# Big circle hook



## Lou (May 22, 2004)

24/0 circle compared to 20/0
available at Islander Custom Tackle in Galveston


----------



## Toneloc (Jan 19, 2005)

Nice pics....

This saltwater stuff amazes me. Nothing subtle about it..LOL.

I'm used to trout and steelheading where I could fit three or four flies inside that quarter.

I was planning on getting some of those mustad's in the 20/0. When would you step up to the 24/0? I'm Guessing bigger bait...?

What advantage does the ring give you? Better actions on the bait?

Tony


----------



## Lou (May 22, 2004)

*Ring*

I have wondered the same thing,,,what does the ring do???
Maybe someone can enlighted us.
and yes BIGGER BAIT LOL


----------



## SurfRunner (May 22, 2004)

I would assume the ring allows for more movement of the hook as opposed to tying it to cable. Possibly allowing for better grab of the point of the hook......If that makes sense.LOL!

A small loop tied directly to the hook restricts the movement.

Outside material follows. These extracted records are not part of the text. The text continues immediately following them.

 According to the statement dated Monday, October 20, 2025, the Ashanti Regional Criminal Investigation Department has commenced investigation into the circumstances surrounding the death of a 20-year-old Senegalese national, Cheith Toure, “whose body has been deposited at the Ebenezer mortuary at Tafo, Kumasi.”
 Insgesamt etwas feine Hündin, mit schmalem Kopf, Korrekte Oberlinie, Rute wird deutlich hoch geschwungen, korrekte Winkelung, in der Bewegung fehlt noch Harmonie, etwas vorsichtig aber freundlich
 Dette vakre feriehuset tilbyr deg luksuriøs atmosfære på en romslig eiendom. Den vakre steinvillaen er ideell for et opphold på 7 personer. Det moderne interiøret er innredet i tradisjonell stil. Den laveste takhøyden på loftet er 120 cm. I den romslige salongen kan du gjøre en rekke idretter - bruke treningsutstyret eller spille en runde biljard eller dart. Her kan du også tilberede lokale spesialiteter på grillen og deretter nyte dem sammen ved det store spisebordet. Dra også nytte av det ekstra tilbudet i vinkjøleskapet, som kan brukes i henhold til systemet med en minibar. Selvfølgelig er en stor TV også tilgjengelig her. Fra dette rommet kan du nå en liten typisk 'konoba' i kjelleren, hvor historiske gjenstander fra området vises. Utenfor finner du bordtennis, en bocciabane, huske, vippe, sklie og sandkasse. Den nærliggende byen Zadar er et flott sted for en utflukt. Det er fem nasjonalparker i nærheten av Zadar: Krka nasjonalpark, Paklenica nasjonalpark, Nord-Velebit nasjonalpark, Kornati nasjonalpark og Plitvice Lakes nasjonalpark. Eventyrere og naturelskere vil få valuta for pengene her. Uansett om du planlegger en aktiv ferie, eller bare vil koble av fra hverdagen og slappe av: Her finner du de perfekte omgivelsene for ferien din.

I may be wrong but pretty sure I am right.


----------



## BULLRED (Nov 5, 2004)

Does Islander custom tackle have a web site??? I'd like to get a handful of those 24/0's.


----------



## gator (May 22, 2004)

I would imagine that the ring would be for a live bait rig where the live bait would have more natural movement. I'd hate to see the size of that live bait.


----------



## Lou (May 22, 2004)

*live bait!!!!*

Can you say JACKFISH under a long line float, 
Words from Billy Sandifer 
"If you are going to be a croaker soaker,,,,Do IT In A Big Way"


----------



## Bigdaddy4760 (May 21, 2004)

Yes they do have a website www.*islander*s*customtackle*.com They only had two of the hooks and I bought them a couple of days ago, they will be getting some more.


----------



## Zach H (May 21, 2004)

How much $$? 

I cant see any advantage of having the loop on there. Could just end up being the weak link. 

"I may be wrong but pretty sure I am right." - LOL Andrew. Ive wanted to tell my boss at work that a few times!!!! LOL


----------



## Catfish Mike (May 31, 2004)

Do I also get the quarter?


----------



## Torpedo (May 21, 2004)

Chum change, keep the quarter and get some real hooks.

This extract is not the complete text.